Software as a Monthly Rental

By DAVID POGUE

There's a new reason for Photoshop to be famous.

Yes, it's still the program that just about every photographer and 
designer on earth uses to retouch or even reimagine photos. It's still the 
only program whose name is a verb.

But now, Photoshop is also the biggest-name software that you can't 
actually buy. You can only rent it, for a month or a year at a time. If 
you ever stop paying, you keep your files but lose the ability to edit 
them.

You have to pay $30 a month, or $240 a year, for the privilege of using 
the latest Photoshop version, called Photoshop CC. Or, if you want to use 
the full Adobe suite (Illustrator, InDesign, Premiere and so on), you'll 
pay $600 a year.

The price list is stunningly complex. The fees may be higher or lower 
depending on how many programs you rent, whether you already own an 
existing version and which one, whether you commit to a full year or 
prefer to rent one month at a time. There are also discounted first-year 
teaser rates, student/teacher rates and a 30-day free trial.
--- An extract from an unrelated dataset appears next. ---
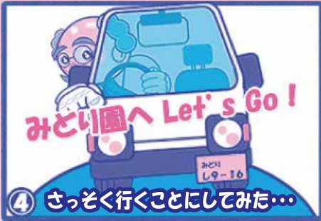
④ さっそく行くことにしてみた...

はい、みどり園です。 あのごみを出し忘れたのですが... 直接持って行くことは可能ですが? はい大丈夫ですよ。 受付時間は平日午前9時~12時まで 午後は1時~4時までで持ってきてください。 ちなみに料金は... はい、搬入料金は10kg当たり80円となっています。 出し忘れの場合、指定袋2袋までは無料です。 はい、ありがとうございます。

But you get the point: the dawn of Software as a Subscription is now upon 
us.

Microsoft is conducting a similar experiment with the latest version of 
Office. An Office 365 subscription is $100 a year. But there's a big 
difference: renting Office is optional. You can still buy it outright if 
you prefer.

It should be obvious why Adobe is enthusiastic about rental software. 
First, it's big money.

Not everybody will pay more than before under the new plan. If you use 
three or more Adobe programs and you upgrade to the latest versions every 
year, you'll save money by renting.

But if you use only one or two programs, you'll pay much more by renting " 
especially if you were in the habit of upgrading only every other year, 
for example. Here's the math: Photoshop CC alone will cost $240 a year. In 
the old days, buying the annual upgrade cost $200, and you didn't have to 
upgrade every year. In three years, you might have spent $200 or $400; now 
you'll pay $720.

And Adobe could raise the rental prices at any time. Every year, if it 
chooses.

Adobe also benefits because a rental plan helps it cut down on software 
piracy. Despite its name (CC stands for Creative Cloud), the new software 
versions are not, in fact, stored online. You still download Photoshop, 
Illustrator and the other programs and run them from your computer. But 
the downloaded software checks in with the mother ship every 30 days, over 
the Internet, to make sure the subscription is up to date. If not, you're 
locked out.

Finally, Adobe benefits because it's no longer committed to a difficult, 
relentless annual release cycle. There will no longer be a big new version 
of each Adobe program each year. Instead, Adobe says that it will 
regularly slip in new features as soon as they're ready.  The company 
hasn't decided whether it will ever use numbers again (Photoshop CS4, CS5, 
CS6), but for now, the name is simply Photoshop CC.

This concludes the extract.